(PROBLEM TO WORK ON) Your copy of the listing must be exact and must hold no images.

┌─ SUPPLIED MATERIAL

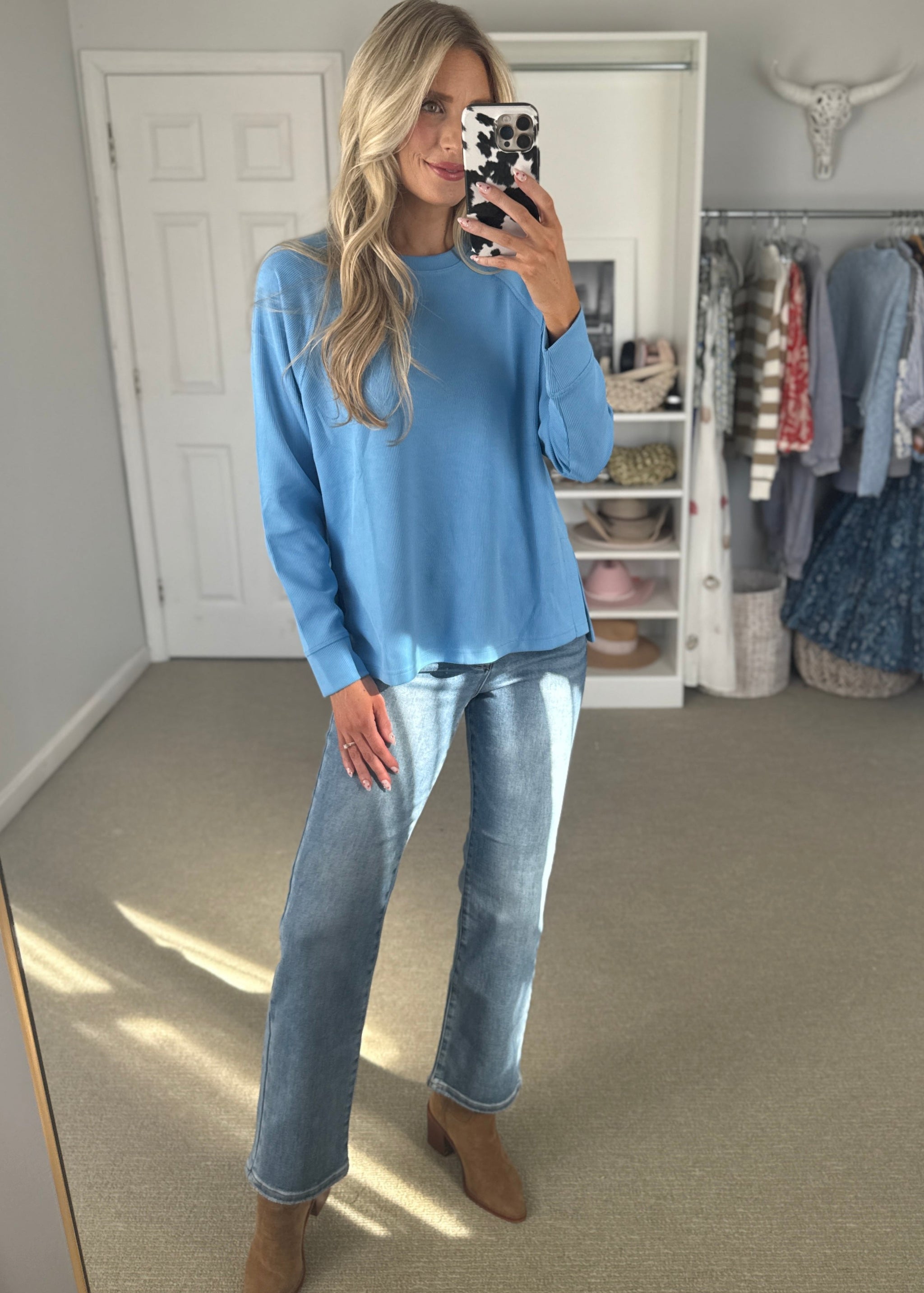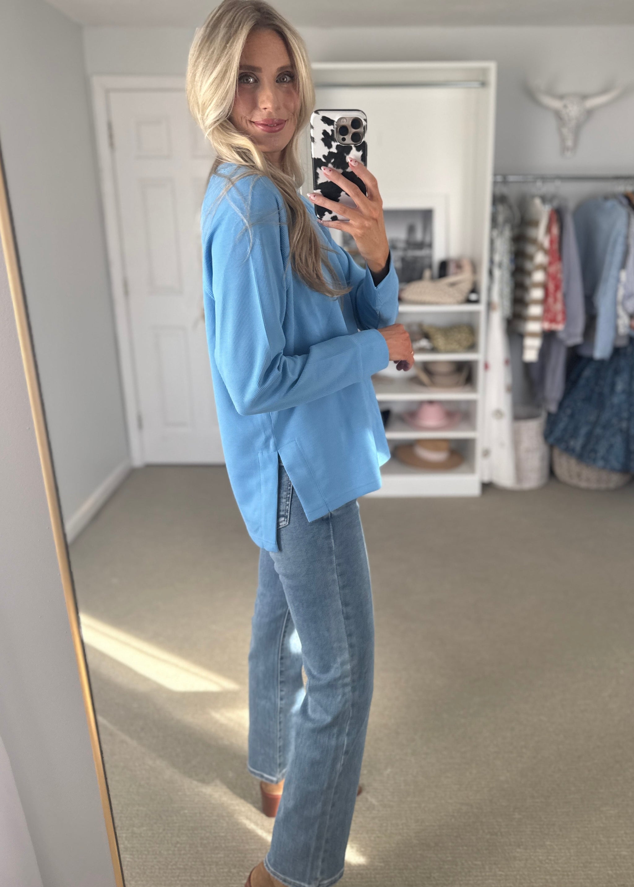 A modern staple with an effortless drape, this long sleeve jersey is crafted from buttery-soft, ribbed fabric. Featuring a classic crew neckline and raglan sleeves,...
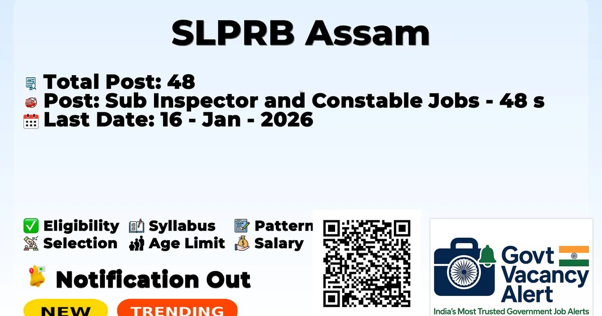 State Level Police Recruitment Board Assam (SLPRB Assam) has declared the offcial notification for 2025. To fill up the 48 vacancies for Sub Inspector and Constable Jobs. Those candidates who have qualified in Any Degree can grab this chance and apply for the SLPRB Assam Recruitment 2025. Here we include the age limit, selection process, salarystructure, education details, application fee, and how to apply online for these posts. Interested candidates can apply before the last date of application.
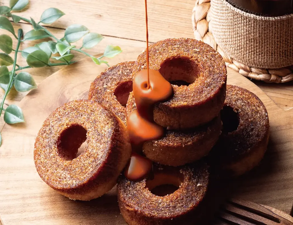 - ふんわり焼き上げたバウムクーヘンの表面にカラメルソースと砂糖をかけ、再度オーブンで香ばしく焼き上げた商品です。しっとりとした生地とキャラメリゼされた表面の香ばしさが重なり、より贅沢な味わいに仕上がっています。

└─

(TASK RESULT)
 A modern staple with an effortless drape, this long sleeve jersey is crafted from buttery-soft, ribbed fabric. Featuring a classic crew neckline and raglan sleeves,...
 State Level Police Recruitment Board Assam (SLPRB Assam) has declared the offcial notification for 2025. To fill up the 48 vacancies for Sub Inspector and Constable Jobs. Those candidates who have qualified in Any Degree can grab this chance and apply for the SLPRB Assam Recruitment 2025. Here we include the age limit, selection process, salarystructure, education details, application fee, and how to apply online for these posts. Interested candidates can apply before the last date of application.
 - ふんわり焼き上げたバウムクーヘンの表面にカラメルソースと砂糖をかけ、再度オーブンで香ばしく焼き上げた商品です。しっとりとした生地とキャラメリゼされた表面の香ばしさが重なり、より贅沢な味わいに仕上がっています。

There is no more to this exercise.